If fine dining is your thing, try Melton’s – it has a glowing reputation both online and among locals. It serves up classic British food, with a twist. It’s real posh nosh here; venison tartare, quails egg salad, caviar and guinea fowl and rare breed meat.

The same goes for OXO’s Restaurant, where head chef Russell Johnson rustles up hearty Blighty-inspired grub, locally-sourced and made with real gusto. Try the braised ox cheeks and the coffee creme brûlée.

The Star Inn’s Brasserie-style bites deserve a mention, too. We love its ‘market menus’, filled to the brim with fresh and sophisticated fish dishes and marvellous meats – most of which are sourced from nearby.

Health nuts in search of brunchy goodness should stop by trendy Filmore & Union. The coconut milk pancakes, tofu quinoa cakes, loaded superfood salads and ‘earth bowls’ are all popular – and delicious.

Goji Cafe is also worth a visit, especially if you’re a hungry veggie (or vegan) on-the-go. Great Middle-Eastern and Mediterranean platters.

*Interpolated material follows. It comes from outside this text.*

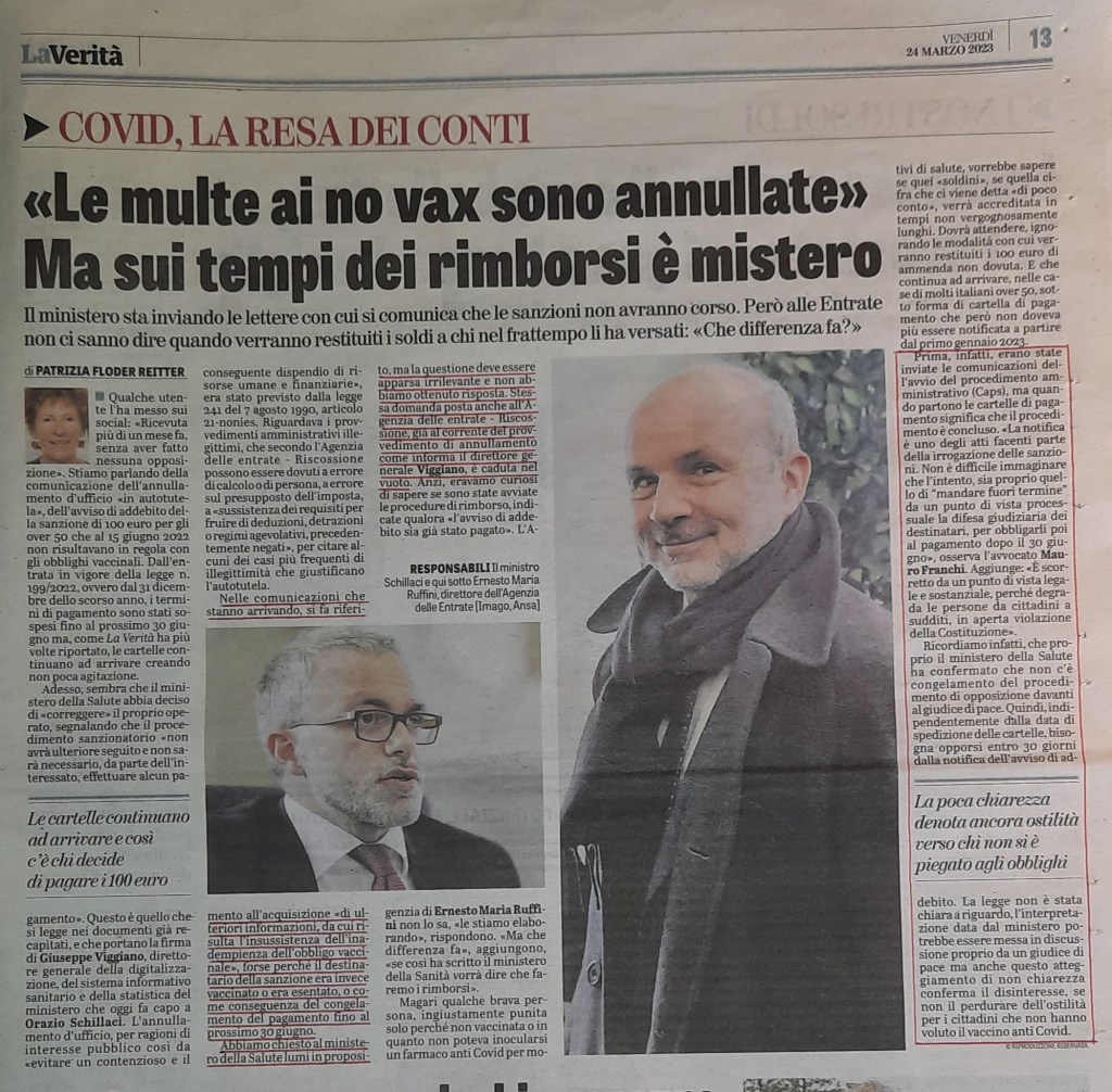 Il giornale La Verità ha contattato sia Agenzia Riscossione che il Ministero della salute, per avere informazioni in merito ma non ha ricevuto alcuna risposta.

Rafi’s Spice Box is a treasure trove of intoxicating powders; a rainbow of freshly-ground spices and rubs you can sample and pick up to make authentic curries at home.

Planning a visit during the festive period? Käthe Wohlfahrt is a must-visit for all your Christmassy nick-nacks and decorations – it’s home to the world’s largest selection of traditional German Christmas ornaments.

Hotfoot it to Low Petergate for big brands and, of course, Browns department store for designer beauty buys.

A trip to York wouldn’t be complete without a rummage at Shambles Market either, whether you’re on the hunt for vintage gifts and trinkets, or even a just slab or two of artisan chocolate.



Castle Howard

Stop by York’s Chocolate Story to see a tasty new exhibition telling the story of one of history’s most-loved confectioners – Terry’s. Discover how the brand – makers of Terry’s Chocolate Orange – transformed from humble beginnings in York’s sweet city centre to a
world-famous brand.

Just outside of the city centre you’ll find Castle Howard. Go here to roam the gardens, visit the adventure playground, browse the shops, cafes or get your fix of festive fun this Christmas!